RMSD, RMSF, and protein–ligand contact diagram of ZINC000013444414 with TMPRSS2

The MD simulation result analysis of ZINC000137976768 and TMPRSS2 shows a relatively fluctuating ligand RMSD which seems to be stable at around 1.5 Å for the first 20 ns, which later changes to 2.25 Å at 30 ns and somewhat stabilizes between the 2.25 and 3.5 Å during the remaining period of the simulation. In contrast, the protein RMSD seems to be relatively stable at around 2.1 Å after 30 ns (Fig. 6). The protein RMSF graph shows that TMPRSS2 residues remain stable during the period of simulation (Fig. 6). Protein–ligand contact analysis shows a similar pattern of interaction with the active site residues of TMPRSS2. Here also a prominent H-bond interaction lasting throughout the simulation period was observed with Asp180, Asp181, and Gly209 residues (Fig. 6). Among the three hits, ZINC000143375720 shows a most stable interaction with the TMPRSS2. The RMSD of protein and ligand remains steady at around 1.75 and 3.6 Å, respectively, throughout the simulation (Fig. 7).
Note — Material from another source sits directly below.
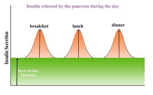 Insulin is made in the pancreas. During the day the pancreas constantly releases an amount of insulin known as the Basal Insulin Secretion. This happens even if we are not eating anything because insulin is required to get glucose into the cells where it is used for energy. Even if we have not eaten anything our liver keeps our glucose at the needed levels by making and releasing glucose and the basal insulin levels maintained by the pancreas keep our sugar levels balanced. When we eat something the rise in blood sugar is detected by the pancreas which then releases a surge of insulin in response to each meal.
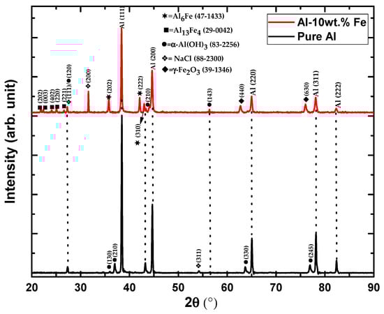 XRD pattern of pure Al and Al-10 wt.% Fe alloys after 1 h of exposure in 3.5% NaCl solution.

Further, as observed with the previous two ligands, a similar pattern of protein contact was seen with ZINC000143375720.

Fig. 6
figure 6

RMSD, RMSF, and protein–ligand contact diagram of ZINC000137976768 with TMPRSS2

Fig. 7
figure 7

RMSD, RMSF, and protein–ligand contact diagram of ZINC000143375720 with TMPRSS2

Overall, the comparison of MD simulation results of all the hits with that of Glide XP docking suggests a significant correction for ligand interaction with active site residues. The prominent residues commonly observed include Asp180, Gly184, Gly209, and His41. Further, MD simulation also identifies a notable H-bond interaction with Ser181 for all the three hits, which was not recognized during Glide XP docking.

Conclusion

Developing antiviral drugs against SARS-CoV-2 is challenging. Researchers across the globe are working towards developing lead molecules against various target proteins of this virus. TMPRSS2 is one of the vital host target proteins which is well recognized as an essential antiviral drug target against SARS-CoV-2 infection. To date, there are no solved crystal structures of TMPRSS2 available in the protein databank; however, homology structure derived from TMPRSS15 has been useful in the discovery and development of lead molecules against this target. In the current study, structural-based virtual screening and molecular dynamics-based computational research has identified the potential hit molecules from the Zinc database. Further, in vitro and in vivo, studies with these molecules may shed more light on their possible benefits in the treatment of COVID-19.